= What you will do =
Everything from the line with "Notable sightings included" to the last line of the listing must be retyped exactly, both ends included, with the pictures dropped.

= Dataset section =
[Start of section]
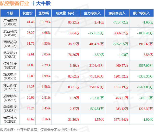 个股表现方面,航空装备行业当日领涨股为广联航空(300900),该股当日报收41.48,上涨9.79%,成交量85.22万,主力资金净流入2.41亿元。航亚科技(688510)以上涨4.66%紧随其后,该股当日成交量14.84万,主力资金净流出1536.23万元。除此之外,西部超导(688122)、航发动力(600893)、佳驰科技(688708)均进入当日牛股之列。具体个股列表见下表:
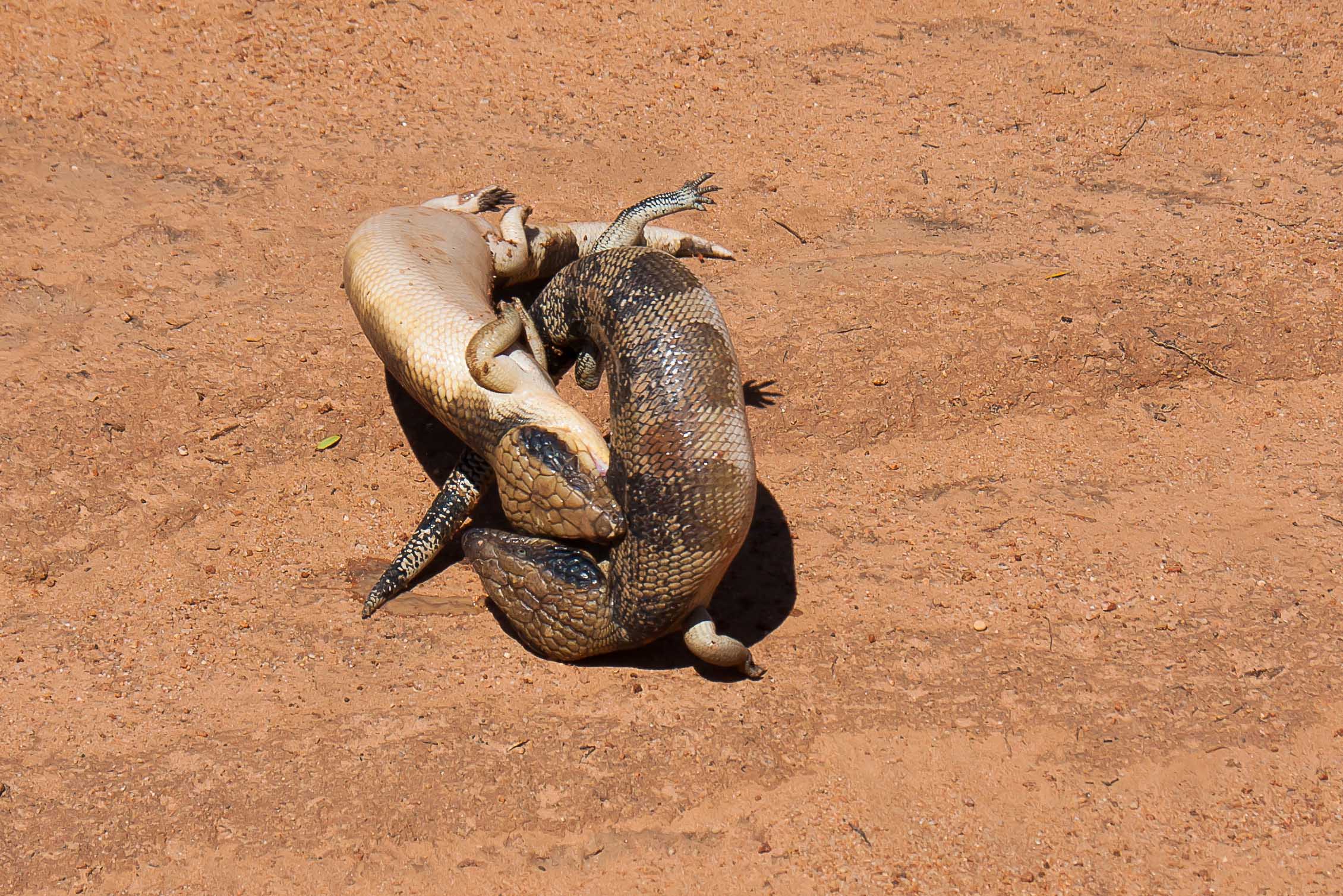 Notable sightings included a Pebble Dragon (Tympanocryptis cephalus), which would not have been spotted if it had not moved while a gate was being opened – so good was its camouflage. Another special moment was when they came across two male Western Blue-tongued Skinks (Tiliqua occipitalis) engaged in a fight over territory or mating rights. The aggressive behaviour stopped for a while as they assessed whether those in the audience were a threat, but then they went at it full throttle until one had had enough and beat a retreat into the roadside shrubs.
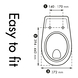 En raison de l'ajustement des charnières, ce siège de toilette peut être adapté à la plupart des cuvettes de toilette courantes en forme de D. Nous recommandons de bien étudier le dessin au trait afin de vous assurer que le siège s'adapte parfaitement à votre cuvette. Enfin, avec le système de montage bien réfléchit 'Fastfix', vous pouvez facilement monter le siège de toilette par le bas.
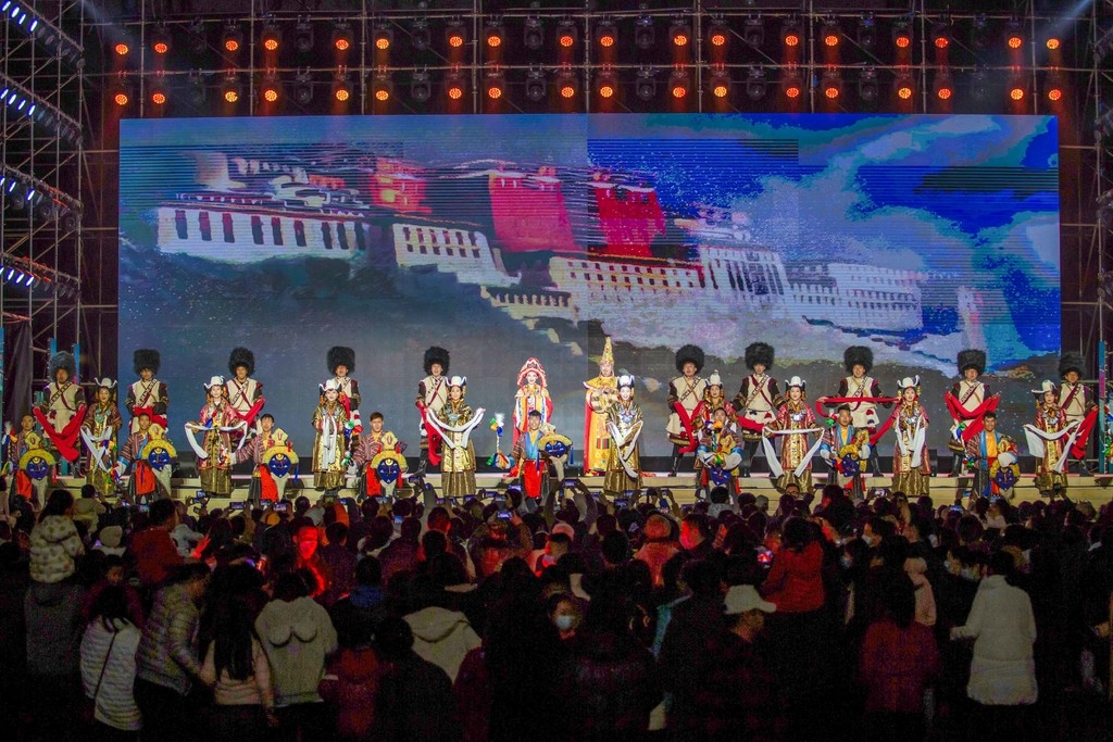 夜幕降临,“新春大典•蓉城乐梦”盛世和美联欢音乐会震撼登场,喜庆的欢歌、热情的火把舞、奔放的锅庄等国风美韵与特色歌舞表演交织呈现,在欢乐祥和的气氛中献上一场盛世和美的新春音乐盛宴。当晚压轴上演的经典史诗剧作《文成公主》选段,由域上和美拉萨演出团队跨越高原奉献天府,于蓉城再现恢弘的艺术盛典。穿越千年的“文成公主”和“松赞干布”携手歌唱汉藏和美的动人传奇,期间藏戏、果卓舞、打阿嘎等经典非遗表演,更引发现场喝彩不断。
[End of section]
= Solution to this problem =
 Notable sightings included a Pebble Dragon (Tympanocryptis cephalus), which would not have been spotted if it had not moved while a gate was being opened – so good was its camouflage. Another special moment was when they came across two male Western Blue-tongued Skinks (Tiliqua occipitalis) engaged in a fight over territory or mating rights. The aggressive behaviour stopped for a while as they assessed whether those in the audience were a threat, but then they went at it full throttle until one had had enough and beat a retreat into the roadside shrubs.
 En raison de l'ajustement des charnières, ce siège de toilette peut être adapté à la plupart des cuvettes de toilette courantes en forme de D. Nous recommandons de bien étudier le dessin au trait afin de vous assurer que le siège s'adapte parfaitement à votre cuvette. Enfin, avec le système de montage bien réfléchit 'Fastfix', vous pouvez facilement monter le siège de toilette par le bas.
 夜幕降临,“新春大典•蓉城乐梦”盛世和美联欢音乐会震撼登场,喜庆的欢歌、热情的火把舞、奔放的锅庄等国风美韵与特色歌舞表演交织呈现,在欢乐祥和的气氛中献上一场盛世和美的新春音乐盛宴。当晚压轴上演的经典史诗剧作《文成公主》选段,由域上和美拉萨演出团队跨越高原奉献天府,于蓉城再现恢弘的艺术盛典。穿越千年的“文成公主”和“松赞干布”携手歌唱汉藏和美的动人传奇,期间藏戏、果卓舞、打阿嘎等经典非遗表演,更引发现场喝彩不断。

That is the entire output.